2.3. Consolidometer Construction
To avoid MRI imaging artifacts, all material used in the construction of the consolidometer must be non-magnetic and transparent to radiofrequencies in the region of the transmit/receive coil of the instrument. The equipment constructed for this work was based around an 80 cm × 2 cm tubular aluminium housing to support all other components (Figure 3A). Attached to the top of this tube is a low voltage displacement transducer (DT; Solartron Metrology DG 2.5; RS Components, Sydney, Australia) to record the position of a regulated pneumatic 5 mm plunger for applying a known load to cartilage samples. An in-line pressure transducer (1,000 kPa, 0–100 mV; RS Comonents) the applied pneumatic pressure. A Lexan® extension is screwed to the base of the aluminium housing (Figure 3B,C).
A small ceramic sample support (Macor®; Corning Inc., Corning, NY, USA) is screwed to the base of the Lexan® extension. Figure 3C shows this sample support and the Lexan® extension, which form a chamber to locate the cartilage sample and provide access from below via a small hole for a fibre-optic pressure transducer (SAMBA-201 Preclin 360 MR Special; Biopac Systems Inc., Goleta, CA, USA), incorporating a Fabry-Perot interferometer sensor . Pressure calibration relied on the built-in self-calibration protocol based on atmospheric pressure. The fiber-optic cable from the sensor is held in place with an O-ring compression fitting. All components of the sample chamber are sealed by O-rings to prevent leakage of solution into the MRI magnet. Data recorded by the two transducers are transmitted via USB connection to a Windows XP personal computer and processed using Labview software (Version 7.1; National Instruments, Austin, TX, USA).
2.4. Tissue Preparation
Bovine patellar cartilage from 4 animals, 2–3 years old, was collected from a local abattoir and stored on ice. A battery operated drill with 10 mm diamond-tipped hole saw (DTA, Victoria, Australia), designed for ceramics and glass, was used to remove a plug of cartilage attached to underlying bone. Five samples were drilled, two from the same animal. Measurements are presented for four samples. The results from one of the duplicate samples were not of sufficiently high quality and are not presented here. To prevent air-bubble induced image artifacts, all components are immersed in a bath of physiological saline solution prior to assembly into the consolidometer. Figure 3 shows the components of the sample holder and the position of the fiber-optic transducer. Because the samples were obtained as discarded material from a commercial abattoir, the institutional ethics committee deemed that formal approval was not required for this study.

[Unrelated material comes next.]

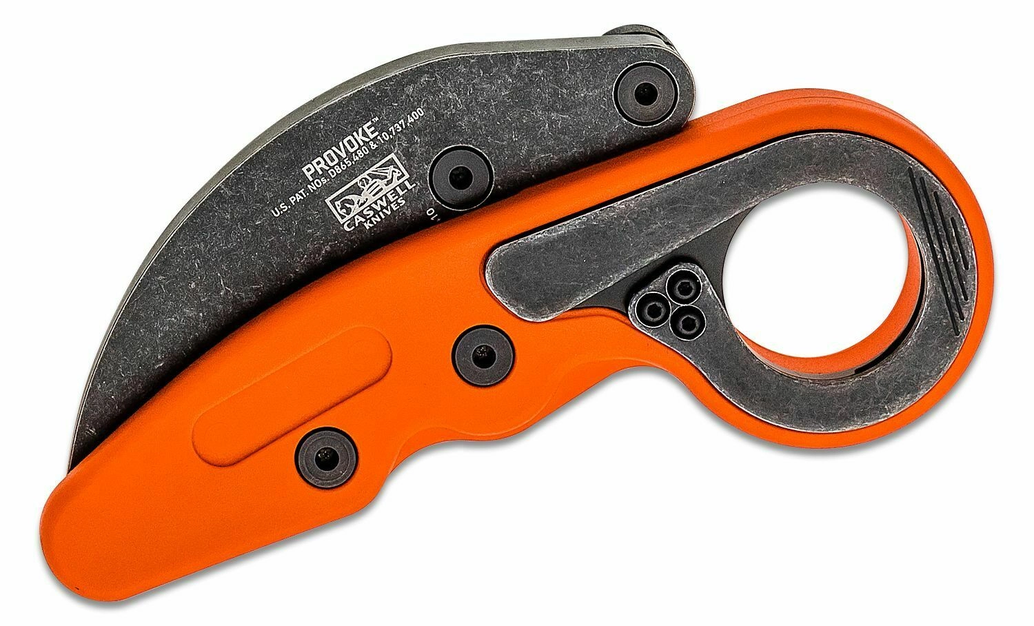 CRKT PROVOKE ORANGE este un karambit modern pentru purtare zilnică, remarcabil prin operarea lină și sigură. Mecanismul cinematic unic permite deschiderea rapidă prin apăsarea cu degetul mare, lama trecând fluent în poziția de lucru și blocându-se ferm. Finisajul stonewash reduce vizibilitatea zgârieturilor și sporește rezistența la utilizare frecventă.

2.5. Software for Control of Consolidometer and Recording Results
A Labview software routine was written to coordinate the recording of the consolidometer transducer output as shown in Figure 4. The outputs from the air line-pressure, and displacement transducers are transferred via a “personal measurement device” (PMD1208LS, RS Electronics), to the LabView program by means of a high-speed USB connection. The Labview program provides the following outputs in a graphical interface: (a) real-time graph of the transducer displacement as a function of time, showing the distance that the cartilage is compressed (in millimetres) in the time since monitoring was started (in seconds), updated every 1 s; (b) a real-time graph of the pressure as a function of time provides the hydrostatic pore pressure of the cartilage, as measured by the SAMBA transducer during the time since monitoring was started (in seconds), also updated every 1 s; (c) the real-time distance as recorded by the distance (compression) transducer in the top end of the consolidometer body; (d) a view of the pressure being applied to the system as measured by the air line-pressure transducer at the air supply point; (e) a HEX key that is transmitted from the SAMBA unit before it has been decoded, available for diagnostic work; and (f) an error display panel to warn of incorrect performance.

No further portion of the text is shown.